In the data below, begin at the line with "随着每一届世界杯的临近,全球" and stop after the line with "We have already"; output those lines exactly and no pictures.

++++ SUPPLIED RECORDS ++++

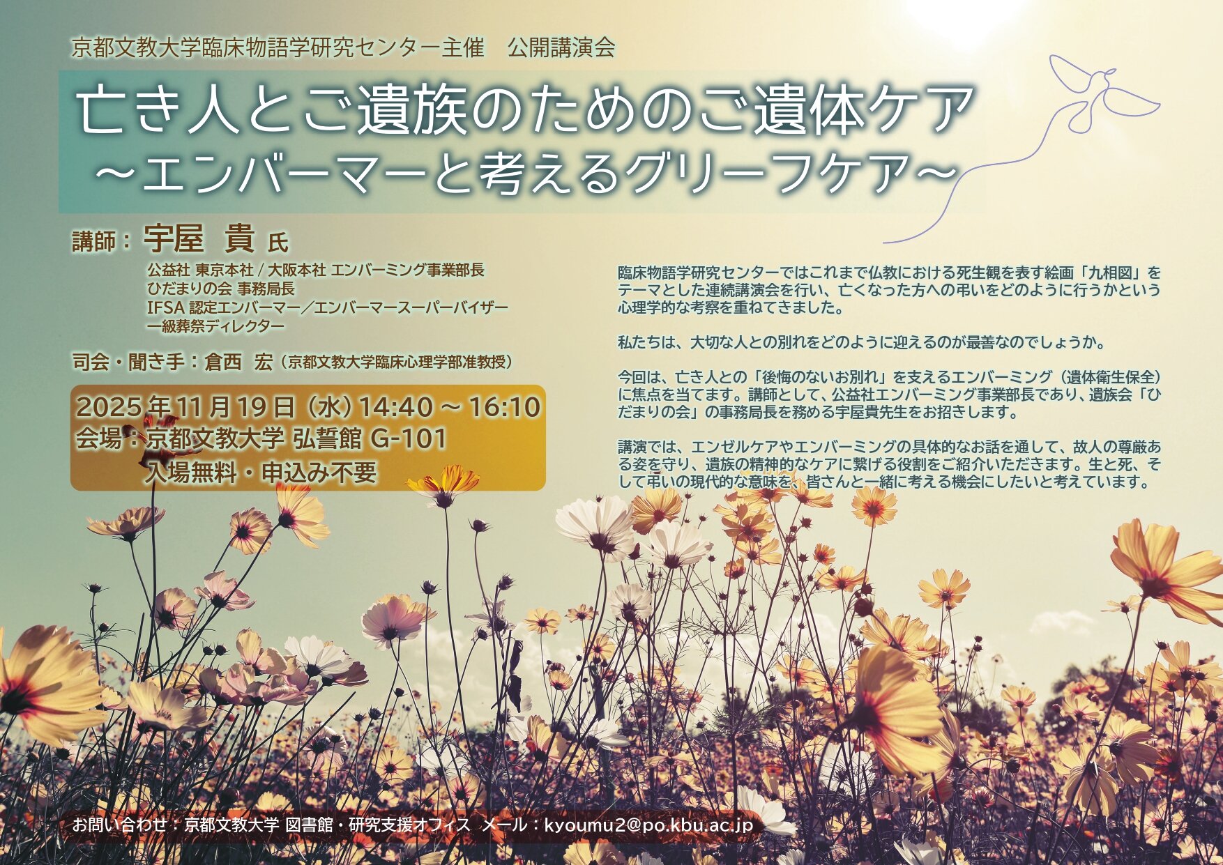 ● 【行事案内】2025/11/19開催 「亡き人とご遺族のためのご遺体ケア ~エンバーマーと考えるグリーフケア~」
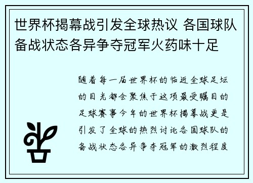 随着每一届世界杯的临近,全球足坛的目光都会聚焦于这项最受瞩目的足球赛事。今年的世界杯揭幕战更是引发了全球的热烈讨论,各国球队的备战状态各异,争夺冠军的激烈程度让赛事的火药味愈加浓烈。从揭幕战的高期待到各支队伍的不同策略,比赛的激烈程度和意外因素不断涌现,使得世界杯成为一场全民的狂欢。本篇文章将从四个方面来探讨世界杯揭幕战引发全球热议的原因,首先是各国球队的备战状态差异,其次是球队对于冠军的强烈渴望,再来是比赛中的火药味及其背后的复杂情绪,最后分析如何通过战略布局来争夺世界杯的最终胜利。
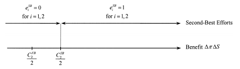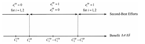 We have already derived the second-best cost C2SB of implementing two posi- tive efforts in section 5.2.4. Had the principal chosen to implement a positive effort on task 1 only, the second-best cost of implementing this effort would instead be
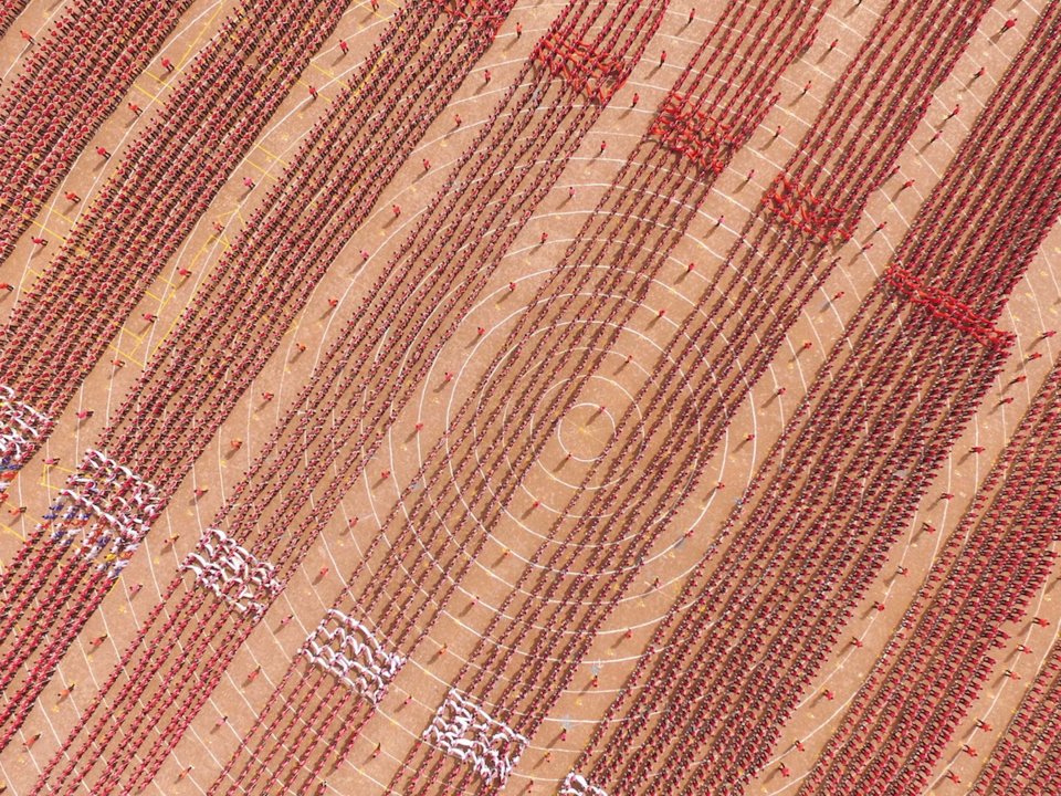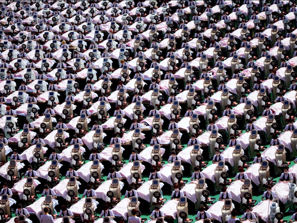 This photo shows the world record being set for the largest group of people having beauty treatment in the same location. 1000 women were given a 30 minutes facial massage in Jinan, Shandong Province.
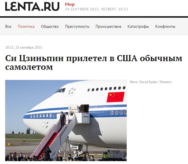 国际在线报道(记者 王德禄 赵雪):Lenta新闻网以一篇博眼球的文章作为报道中国国家主席习近平访美的开篇之作:《习近平乘普通航班抵美》。“中国领导人并没有自己的‘空军一号’”, 习近平访美乘坐的是一架波音747-400型普通航班,该飞机隶属中国国际航空公司。飞机内部经过改装,设有客厅、卧室和办公区。执飞完出访任务后,这架飞机将再次改装,搭载普通乘客。
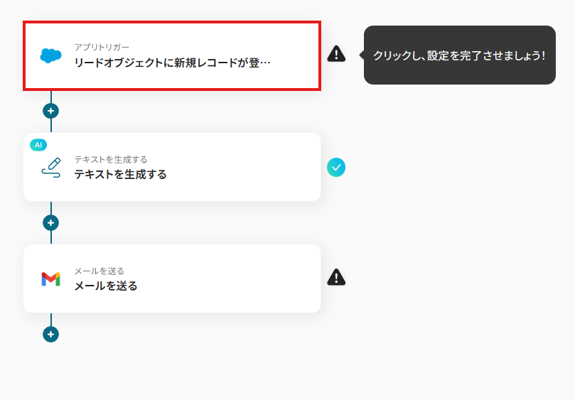 「Salesforceに新規リードが追加されたら、OpenAIでフォローアップメールを生成し、Gmailで送信する」フローは、リード獲得からフォローアップまでを自動化する業務ワークフローです。

++++

ANSWER SECTION
 随着每一届世界杯的临近,全球足坛的目光都会聚焦于这项最受瞩目的足球赛事。今年的世界杯揭幕战更是引发了全球的热烈讨论,各国球队的备战状态各异,争夺冠军的激烈程度让赛事的火药味愈加浓烈。从揭幕战的高期待到各支队伍的不同策略,比赛的激烈程度和意外因素不断涌现,使得世界杯成为一场全民的狂欢。本篇文章将从四个方面来探讨世界杯揭幕战引发全球热议的原因,首先是各国球队的备战状态差异,其次是球队对于冠军的强烈渴望,再来是比赛中的火药味及其背后的复杂情绪,最后分析如何通过战略布局来争夺世界杯的最终胜利。
 We have already derived the second-best cost C2SB of implementing two posi- tive efforts in section 5.2.4. Had the principal chosen to implement a positive effort on task 1 only, the second-best cost of implementing this effort would instead be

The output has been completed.